Among the entries below, please repeat exactly and only the lines from the line containing "number of illegal" to the line containing "第二步:工單被客服認領(lǐ", both lines included.

[ENTRIES SUPPLIED]

***

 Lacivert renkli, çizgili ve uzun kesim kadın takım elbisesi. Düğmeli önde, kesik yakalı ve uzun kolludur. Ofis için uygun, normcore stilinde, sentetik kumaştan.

***

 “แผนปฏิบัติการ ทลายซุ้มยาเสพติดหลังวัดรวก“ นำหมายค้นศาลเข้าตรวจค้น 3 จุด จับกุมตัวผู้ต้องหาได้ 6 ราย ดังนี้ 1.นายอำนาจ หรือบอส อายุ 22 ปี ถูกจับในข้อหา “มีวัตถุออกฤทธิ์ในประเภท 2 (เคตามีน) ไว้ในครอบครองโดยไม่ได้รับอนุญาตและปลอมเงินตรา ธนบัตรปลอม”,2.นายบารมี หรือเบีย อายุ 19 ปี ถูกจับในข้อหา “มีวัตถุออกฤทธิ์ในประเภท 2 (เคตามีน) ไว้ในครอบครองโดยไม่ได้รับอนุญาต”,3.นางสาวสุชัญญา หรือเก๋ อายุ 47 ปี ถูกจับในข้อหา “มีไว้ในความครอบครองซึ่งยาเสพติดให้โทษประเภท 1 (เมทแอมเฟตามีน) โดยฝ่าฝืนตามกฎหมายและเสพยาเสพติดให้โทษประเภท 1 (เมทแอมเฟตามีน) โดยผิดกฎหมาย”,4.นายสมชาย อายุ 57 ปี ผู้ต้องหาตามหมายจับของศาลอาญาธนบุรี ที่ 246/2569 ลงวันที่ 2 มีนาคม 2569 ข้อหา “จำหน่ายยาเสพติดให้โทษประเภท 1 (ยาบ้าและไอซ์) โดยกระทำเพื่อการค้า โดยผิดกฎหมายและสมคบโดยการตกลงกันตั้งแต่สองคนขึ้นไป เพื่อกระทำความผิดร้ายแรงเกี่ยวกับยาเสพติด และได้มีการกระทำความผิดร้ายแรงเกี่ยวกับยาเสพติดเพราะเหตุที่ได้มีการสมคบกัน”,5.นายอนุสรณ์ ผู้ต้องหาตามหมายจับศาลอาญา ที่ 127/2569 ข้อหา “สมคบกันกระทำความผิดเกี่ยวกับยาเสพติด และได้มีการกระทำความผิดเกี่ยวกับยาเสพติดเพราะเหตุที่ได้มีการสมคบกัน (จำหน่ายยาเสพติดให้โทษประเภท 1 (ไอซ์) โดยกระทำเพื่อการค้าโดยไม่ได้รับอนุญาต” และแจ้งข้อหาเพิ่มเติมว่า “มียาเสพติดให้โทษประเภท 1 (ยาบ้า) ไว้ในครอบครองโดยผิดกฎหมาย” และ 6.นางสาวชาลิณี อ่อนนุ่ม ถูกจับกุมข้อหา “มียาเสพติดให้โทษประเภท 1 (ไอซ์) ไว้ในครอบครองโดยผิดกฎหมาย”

***

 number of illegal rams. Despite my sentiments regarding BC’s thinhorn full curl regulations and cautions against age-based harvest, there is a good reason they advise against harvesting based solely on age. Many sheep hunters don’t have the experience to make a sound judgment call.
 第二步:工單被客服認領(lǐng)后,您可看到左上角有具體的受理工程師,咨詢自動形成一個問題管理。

***

[RESPONSE BOX]
 number of illegal rams. Despite my sentiments regarding BC’s thinhorn full curl regulations and cautions against age-based harvest, there is a good reason they advise against harvesting based solely on age. Many sheep hunters don’t have the experience to make a sound judgment call.
 第二步:工單被客服認領(lǐng)后,您可看到左上角有具體的受理工程師,咨詢自動形成一個問題管理。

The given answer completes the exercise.